- [WORK ORDER]:
Please copy every record below exactly, leaving out the pictures.

- [RECORDS FOR THE TASK]:
________________

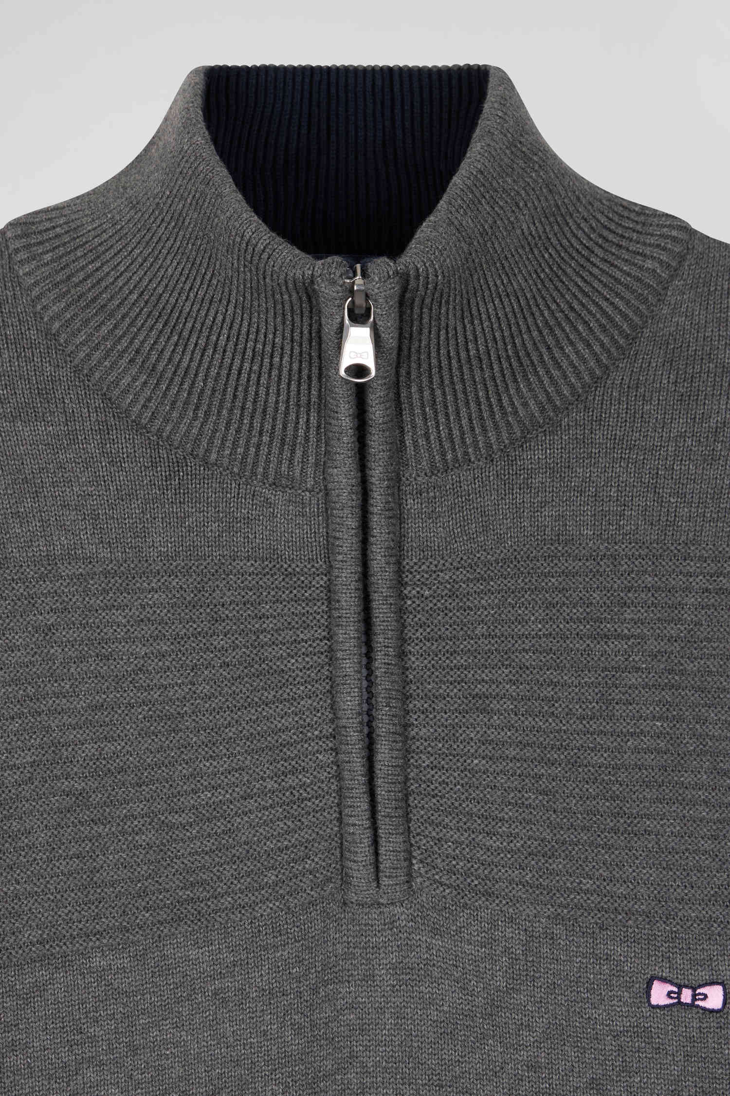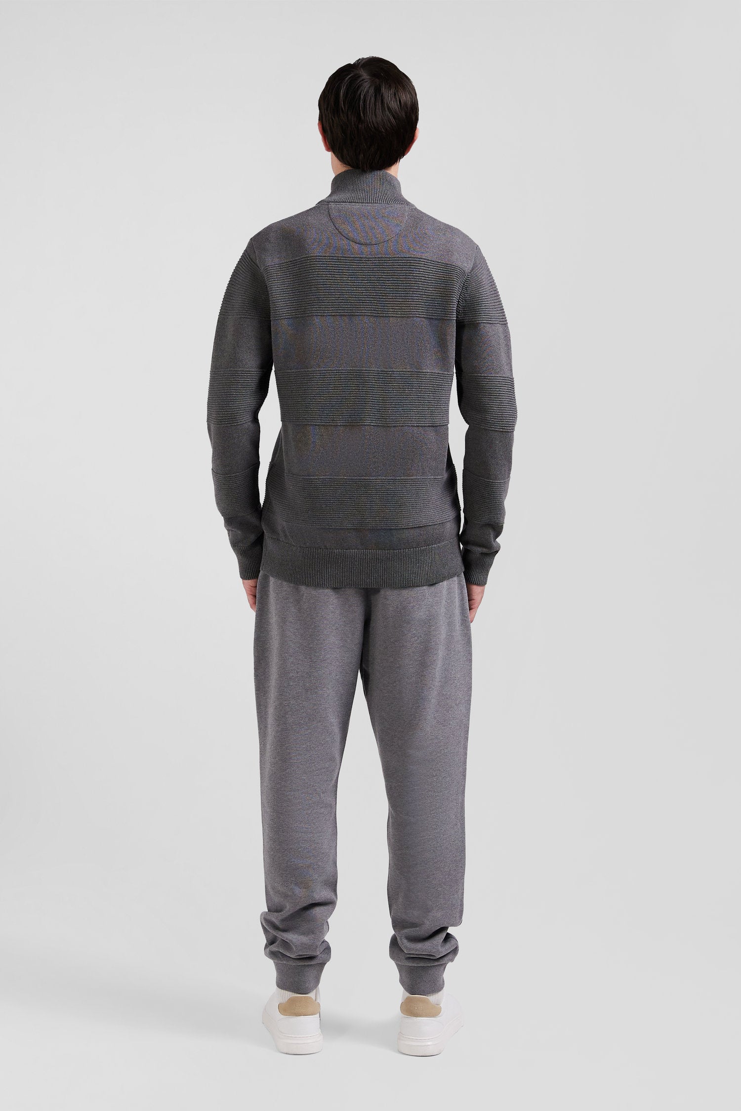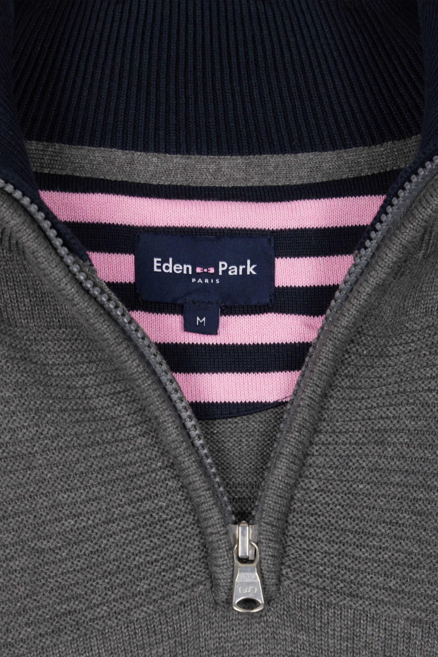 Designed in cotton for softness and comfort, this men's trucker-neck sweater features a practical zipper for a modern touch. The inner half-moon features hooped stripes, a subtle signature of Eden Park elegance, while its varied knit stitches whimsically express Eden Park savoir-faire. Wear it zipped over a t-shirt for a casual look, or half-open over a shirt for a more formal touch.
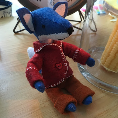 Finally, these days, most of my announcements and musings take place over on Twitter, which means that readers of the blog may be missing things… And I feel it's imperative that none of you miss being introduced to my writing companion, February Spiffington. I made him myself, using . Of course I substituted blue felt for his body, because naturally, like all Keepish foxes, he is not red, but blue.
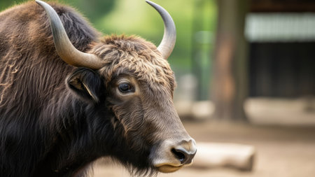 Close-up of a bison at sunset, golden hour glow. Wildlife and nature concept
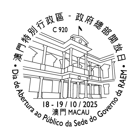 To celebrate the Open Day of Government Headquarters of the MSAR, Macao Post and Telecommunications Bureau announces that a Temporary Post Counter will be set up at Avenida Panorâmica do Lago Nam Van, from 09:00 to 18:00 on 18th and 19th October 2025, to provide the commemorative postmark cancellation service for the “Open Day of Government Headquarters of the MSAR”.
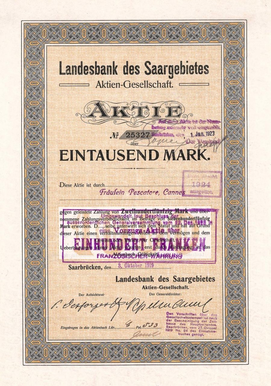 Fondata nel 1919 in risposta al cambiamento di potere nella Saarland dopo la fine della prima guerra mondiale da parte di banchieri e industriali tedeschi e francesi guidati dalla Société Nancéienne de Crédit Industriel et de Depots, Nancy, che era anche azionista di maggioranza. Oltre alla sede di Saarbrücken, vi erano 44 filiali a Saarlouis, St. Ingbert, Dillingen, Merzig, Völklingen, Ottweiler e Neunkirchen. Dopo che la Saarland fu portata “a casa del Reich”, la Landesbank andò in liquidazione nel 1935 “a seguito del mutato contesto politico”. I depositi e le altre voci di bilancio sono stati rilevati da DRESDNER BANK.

________________

- [REPLY TO THE EXERCISE]:
 Designed in cotton for softness and comfort, this men's trucker-neck sweater features a practical zipper for a modern touch. The inner half-moon features hooped stripes, a subtle signature of Eden Park elegance, while its varied knit stitches whimsically express Eden Park savoir-faire. Wear it zipped over a t-shirt for a casual look, or half-open over a shirt for a more formal touch.
 Finally, these days, most of my announcements and musings take place over on Twitter, which means that readers of the blog may be missing things… And I feel it's imperative that none of you miss being introduced to my writing companion, February Spiffington. I made him myself, using . Of course I substituted blue felt for his body, because naturally, like all Keepish foxes, he is not red, but blue.
 Close-up of a bison at sunset, golden hour glow. Wildlife and nature concept
 To celebrate the Open Day of Government Headquarters of the MSAR, Macao Post and Telecommunications Bureau announces that a Temporary Post Counter will be set up at Avenida Panorâmica do Lago Nam Van, from 09:00 to 18:00 on 18th and 19th October 2025, to provide the commemorative postmark cancellation service for the “Open Day of Government Headquarters of the MSAR”.
 Fondata nel 1919 in risposta al cambiamento di potere nella Saarland dopo la fine della prima guerra mondiale da parte di banchieri e industriali tedeschi e francesi guidati dalla Société Nancéienne de Crédit Industriel et de Depots, Nancy, che era anche azionista di maggioranza. Oltre alla sede di Saarbrücken, vi erano 44 filiali a Saarlouis, St. Ingbert, Dillingen, Merzig, Völklingen, Ottweiler e Neunkirchen. Dopo che la Saarland fu portata “a casa del Reich”, la Landesbank andò in liquidazione nel 1935 “a seguito del mutato contesto politico”. I depositi e le altre voci di bilancio sono stati rilevati da DRESDNER BANK.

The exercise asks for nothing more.